Normalement, les urnes utilisées pour les élections professionnelles doivent être du même modèle que celles utilisées pour les élections politiques. Donc, transparentes. Quelles conséquences si ce n’est pas le cas ? Le fait d’avoir eu à glisser son bulletin de vote dans une urne en bois ou en carton peut-il justifier une annulation automatique des élections ?

Réponse de la Cour de cassation dans un arrêt du 21 avril 2022.

A l’issue de la mise en place du CSE au sein d’une association d’aide aux personnes âgées et handicapées de l’Est de la France, SUD santé sociaux solidaires demande en justice l’annulation de l’élection. L’organisation syndicale fait notamment valoir que l’utilisation d’une boîte en carton, et non une urne transparente, pour l’élection des suppléants justifiait en soi l’annulation du scrutin.

Tout en rappelant que « l'opacité de l'urne n'entraîne pas automatiquement la nullité de l'élection », le tribunal judiciaire de Sarreguemines décide quand même d’annuler le scrutin.
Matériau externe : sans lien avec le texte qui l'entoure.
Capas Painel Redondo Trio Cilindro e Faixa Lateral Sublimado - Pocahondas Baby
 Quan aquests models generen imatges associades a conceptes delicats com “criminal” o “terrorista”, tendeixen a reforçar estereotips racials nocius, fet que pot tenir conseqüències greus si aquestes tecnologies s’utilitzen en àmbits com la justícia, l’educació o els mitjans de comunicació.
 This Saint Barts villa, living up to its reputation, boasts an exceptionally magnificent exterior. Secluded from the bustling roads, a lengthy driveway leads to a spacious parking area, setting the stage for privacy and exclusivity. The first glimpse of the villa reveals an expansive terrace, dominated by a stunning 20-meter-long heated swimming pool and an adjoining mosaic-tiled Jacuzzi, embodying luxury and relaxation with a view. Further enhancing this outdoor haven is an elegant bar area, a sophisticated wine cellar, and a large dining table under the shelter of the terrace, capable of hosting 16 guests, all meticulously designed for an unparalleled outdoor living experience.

Le fait d’avoir utilisé une « boîte en carton sommairement bricolée » constituait pour le juge une « irrégularité grave, de nature à altérer la confiance des électeurs dans la sincérité des résultats ». Impossible en effet de savoir si l’urne « était bien vide lors de l'ouverture du vote ».

Pour la Chambre sociale de la Cour de cassation, il y a dans le jugement du tribunal judiciaire une contradiction qu’il n’est pas possible de laisser passer.
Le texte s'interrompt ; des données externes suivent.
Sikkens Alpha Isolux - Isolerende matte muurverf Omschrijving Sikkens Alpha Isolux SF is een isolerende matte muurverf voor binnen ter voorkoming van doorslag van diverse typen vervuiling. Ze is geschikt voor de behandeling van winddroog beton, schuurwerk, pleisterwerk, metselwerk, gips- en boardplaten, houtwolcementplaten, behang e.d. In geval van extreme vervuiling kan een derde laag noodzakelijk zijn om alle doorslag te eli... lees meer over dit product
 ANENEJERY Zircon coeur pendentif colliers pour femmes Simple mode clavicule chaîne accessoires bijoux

En effet, comme le décide à nouveau l’arrêt du 21 avril 2022, « en matière d’élections professionnelles, l'utilisation d'une urne non transparente ne constitue pas une violation d'un principe général du droit électoral » (voir, Cass. soc., 20 sept. 2017, n° 16-19.767).

En affirmant que l’opacité de l’urne n’entraînait pas automatiquement la nullité de l’élection, le tribunal judiciaire avait donc entièrement raison. Là où il s’est contredit, c’est en affirmant qu’il y avait néanmoins une « irrégularité grave » justifiant l’annulation des élections.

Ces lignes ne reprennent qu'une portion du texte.